He just called me back. They will do the bloodwork the morning of his surgery...they do all of that in house. He said that he'd put it on the schedule so it doesn't get forgotten. If there is a problem, they will call me and will put off the surgery.

At least I don't have to put poor Randy through another trip to the vet before Friday. I am going to try and relax now...that's all I really can do. I don't want to put a bunch of negative energy out in the universe about this. Thanks to all of you for your concern, advice and support. It really means a lot.  I just keep saying to myself _before you know it, it will be Friday night, Randy will be home from the vet and you'll be snuggling with him on the couch._


----------



## coppers-mom (Jan 9, 2009)

Great. They always did the pre-op check just before surgery to make sure all is in order.
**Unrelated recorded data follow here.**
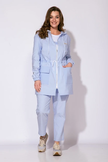Куртка женская свободного силуэта,выполнена из хлопковой ткани без подкладки,с накладными карманами на полочке и кулиской на талии. Рукав втачной с притачным манжетом на резинке по низу.Застежка молния.Длина куртки по спинке 80см.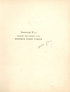 Le Journal des Faux-Monnayeurs. Paris, Eos, 1926. In-8, broché. Édition originale. Tirage à 561 exemplaires, celui-ci un des 500 sur vergé blanc. Exemplaire nominatif de Pierre Verger, signé par Gide.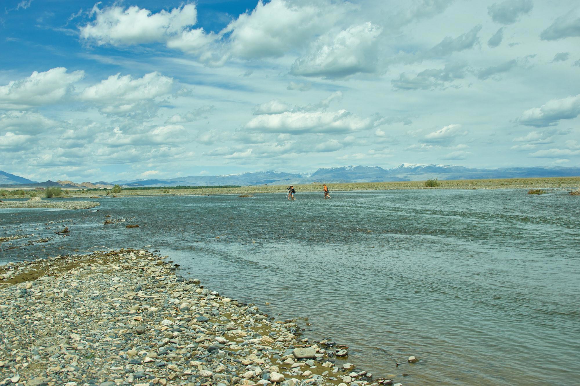 Вскоре понимаю, что тапки и палки остались в машине. Но делать нечего, только вперед. Только хардкор! Вода ледяная, камни больно впиваются в подошвы, на самом широком месте тебя запросто может снести течением. Вспоминаю свой прошлый туристический опыт, иду чуть наискось течению, упираясь ногами. Монгольский гид делает ошибку и идет прямо, внезапно его срывает течением и несет к озеру. Нам только утопленника для полной радости не хватало! Но молодец, смог выбраться. Пусть и по горлом мокрый, зато какой радостный. Монголы они временами как дети.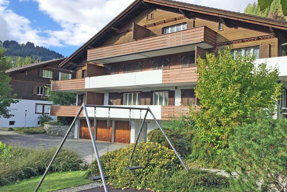 Vor dem Haus befindet sich ein Kinderspielplatz. In 200 Meter erreichen Sie die Gondelbahn zum Hauptskigebiet und die Dorfstrasse mit Restaurants und Einkaufsmöglichkeiten. Gleich neben der Liegenschaft befindet sich das Freibad von Adelboden.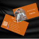 Ein verbrannter, orangefarbener Hintergrund. Personalisieren Sie Ihren Titel, Geschäftsnamen/Namen und Text und fügen Sie ihn vorn hinzu. Weißer Text. Ein bogenförmiger Rahmen aus Foto. Zurück: Vorlagen für Ihren Namen, Titel, Telefonnummer, E-Mail- und Website-Adresse, Ihren eigenen QR-Code für Ihre Website oder Ihr Social-Media-Konto. Facebook und Instagram Icons/account.
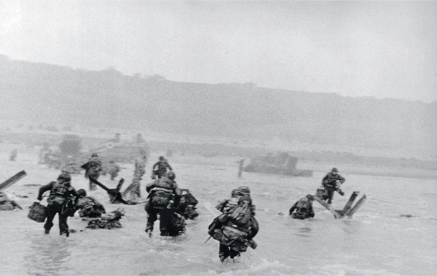 [ф. 52, 53, 54, 55] Роберт Капа. Нападение американских войск на пляж Омаха во время высадки в день Д. Нормандия, Франция. 6 июня 1944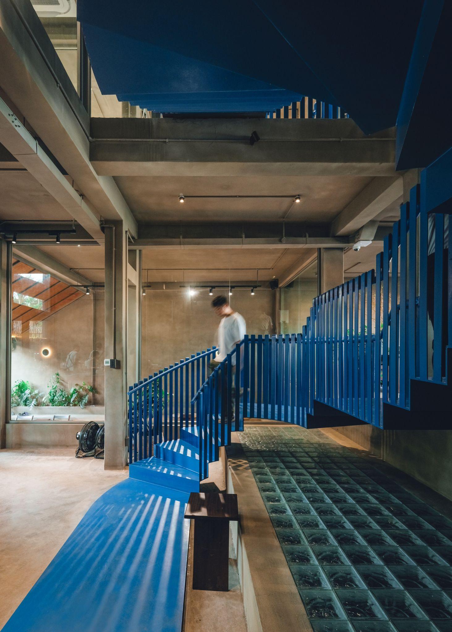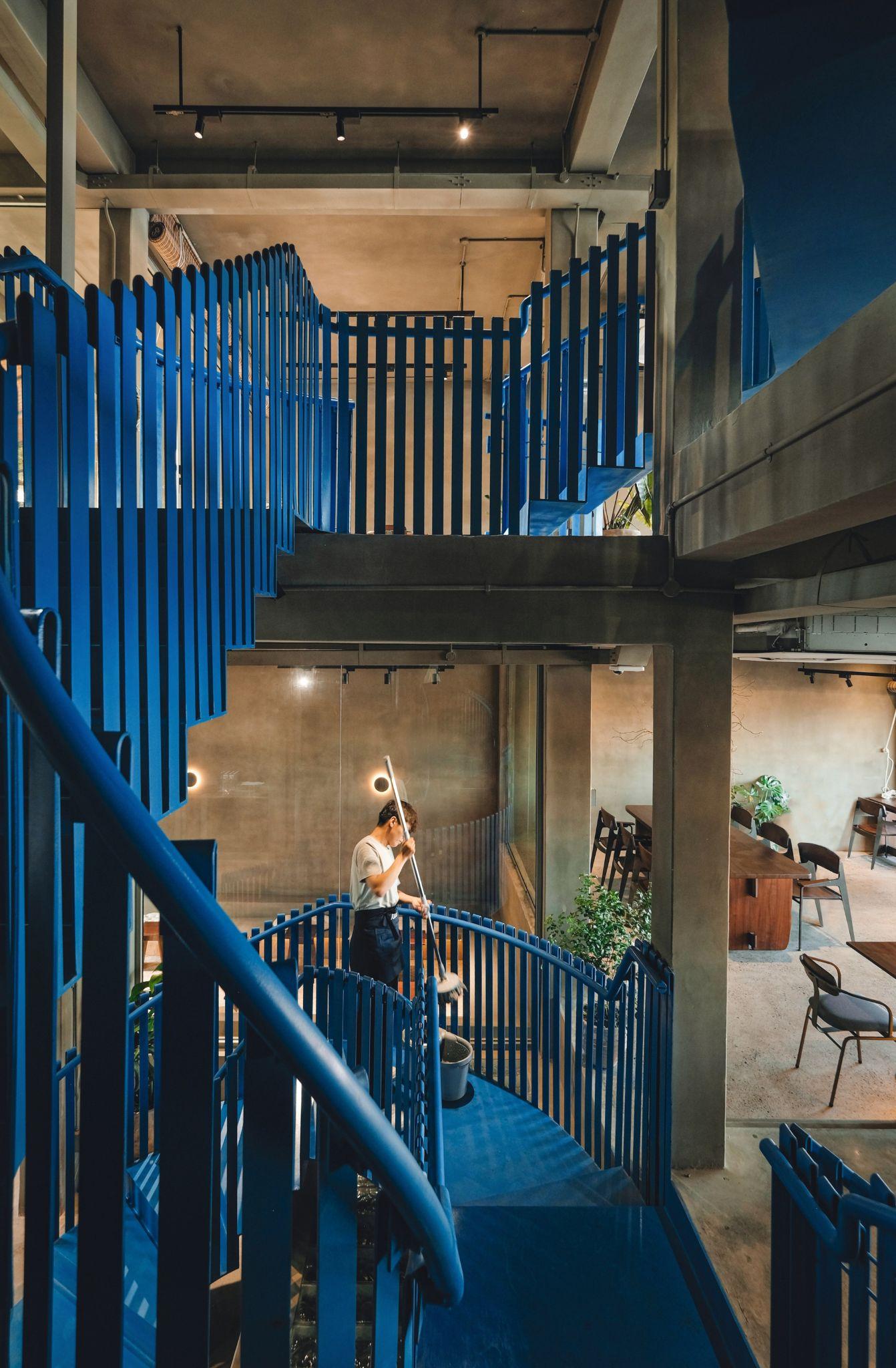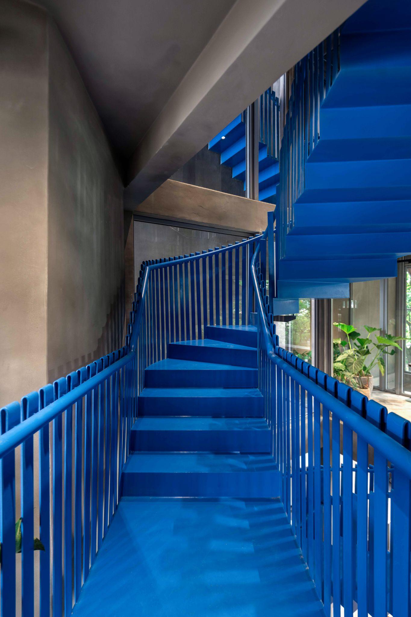 Cầu thang xoắn màu xanh lam nổi bật trong không gian như một tác phẩm điêu khắc, không chỉ dẫn dắt chuyển động qua các tầng mà còn mang đến một cảm giác chuyển động liên tục. Chiếc cầu thang đặc biệt này cũng tạo thành trục trung tâm cho công trình.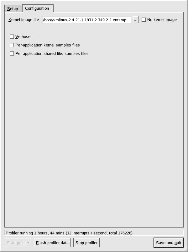 After changing any of the options, they can be saved by clicking the Save and quit button. The preferences are written to /root/.oprofile/daemonrc, and the application exits. Exiting the application does not stop OProfile from sampling.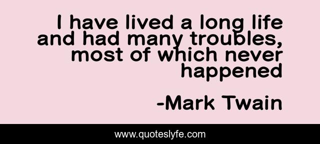 This page presents the quote "I have lived a long life and had many troubles, most of which never happened". Author of this quote is Mark Twain. This quote is about enthusiasm, philosophy, self-awareness, inspirational,.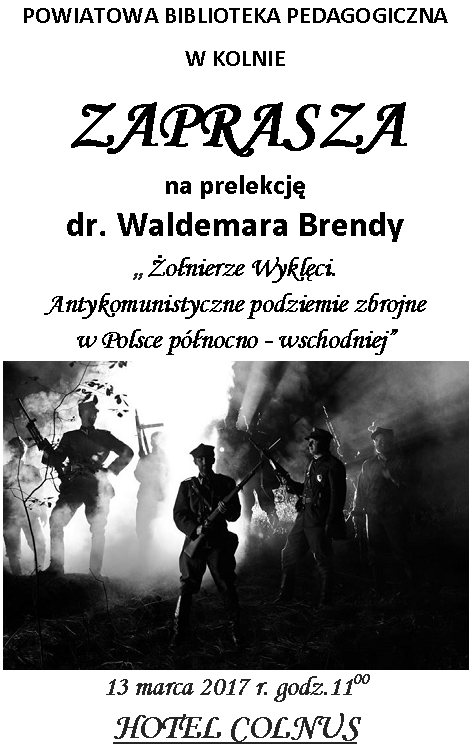 13 marca o godzinie 11 w Hotelu Colnus w Kolnie (woj.podlaskie) odbędzie się prelekcja dr Waldemara Bredny ,,Żołnierze Wyklęci.Antykomunistyczne podziemie zbrojne w Polsce północno-wschodniej".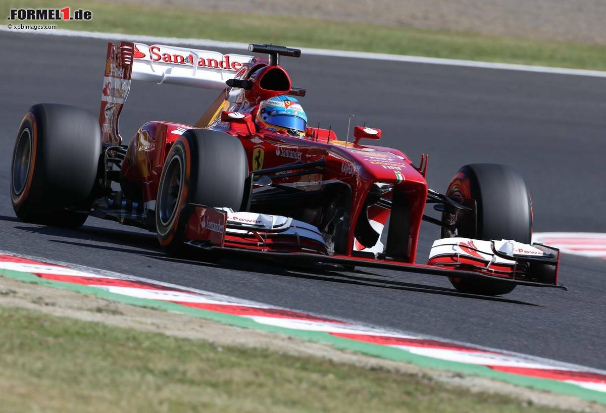 Wie schwierig Suzuka ist, musste auch Fernando Alonso (10./+1,235) feststellen, der mit seinem Ferrari ausgangs Degner-Kurve einen Dreher fabrizierte. Während der Volltank-Tests klagte er lange Zeit über Vibrationen auf den Medium-Reifen, nach einem Boxenstopp lief es aber besser und er schaffte noch eine Verbesserung auf 1:39.0 Minuten. Absolut gesehen war er heute sogar langsamer als Teamkollege Felipe Massa (8./+0,846) - und zwar in beiden Sessions.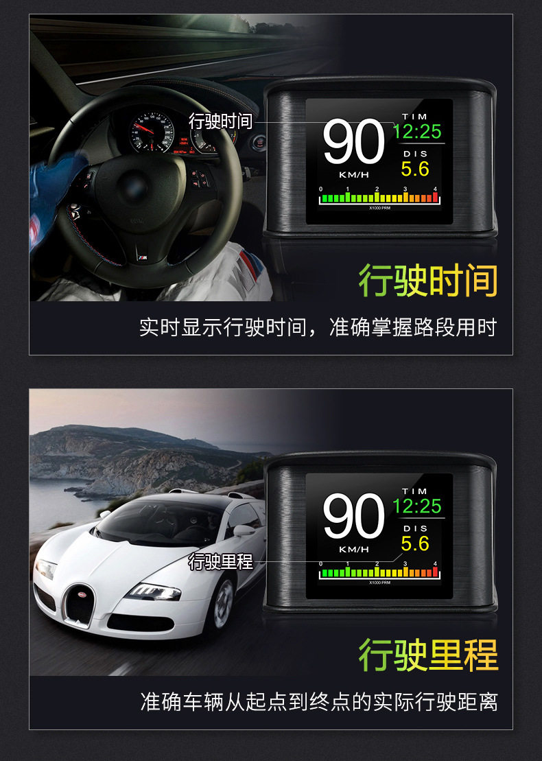 Car Smart Hud Head-Up Display Car High-Definition Obd Portable Lcd Driving Computer Display P10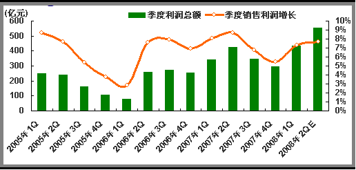 2005-2008年重点大中型钢铁企业按季度实现利润变化

I'll keep you in my thoughts and prayers, but I'm sure it will be fine.


----------



## goldencontriever3 (Nov 7, 2008)

Keeping you and Randy in our thoughts and prayers.


----------



## GoldenCamper (Dec 21, 2009)

Randysmama said:


> I just keep saying to myself _before you know it, it will be Friday night, Randy will be home from the vet and you'll be snuggling with him on the couch._


Positive attitude is everything!  I am sure you know how well our dogs can read us. Better for him to be a happy guy till you bring him in than being stressed out several days beforehand.


----------



## Randysmama (Feb 4, 2011)

I took some pictures of Randy the other day. He was having fun playing outside.


----------



## Karen519 (Aug 21, 2006)

*Randy*

Your Randy is just beautiful.
I will pray very hard for Randy and you!


----------



## Randysmama (Feb 4, 2011)

Karen519 said:


> Your Randy is just beautiful.
> I will pray very hard for Randy and you!


Thank you, Karen!  Your sweeties are beautiful too. I appreciate the prayers...can't believe tomorrow is the big day already.


----------



## Randysmama (Feb 4, 2011)

Randy is home from the vet. He did just fine. They didn't end up having to extract his tooth, so I am very happy about that. He is so groggy and out of it right now, the poor guy, but I am not leaving his side.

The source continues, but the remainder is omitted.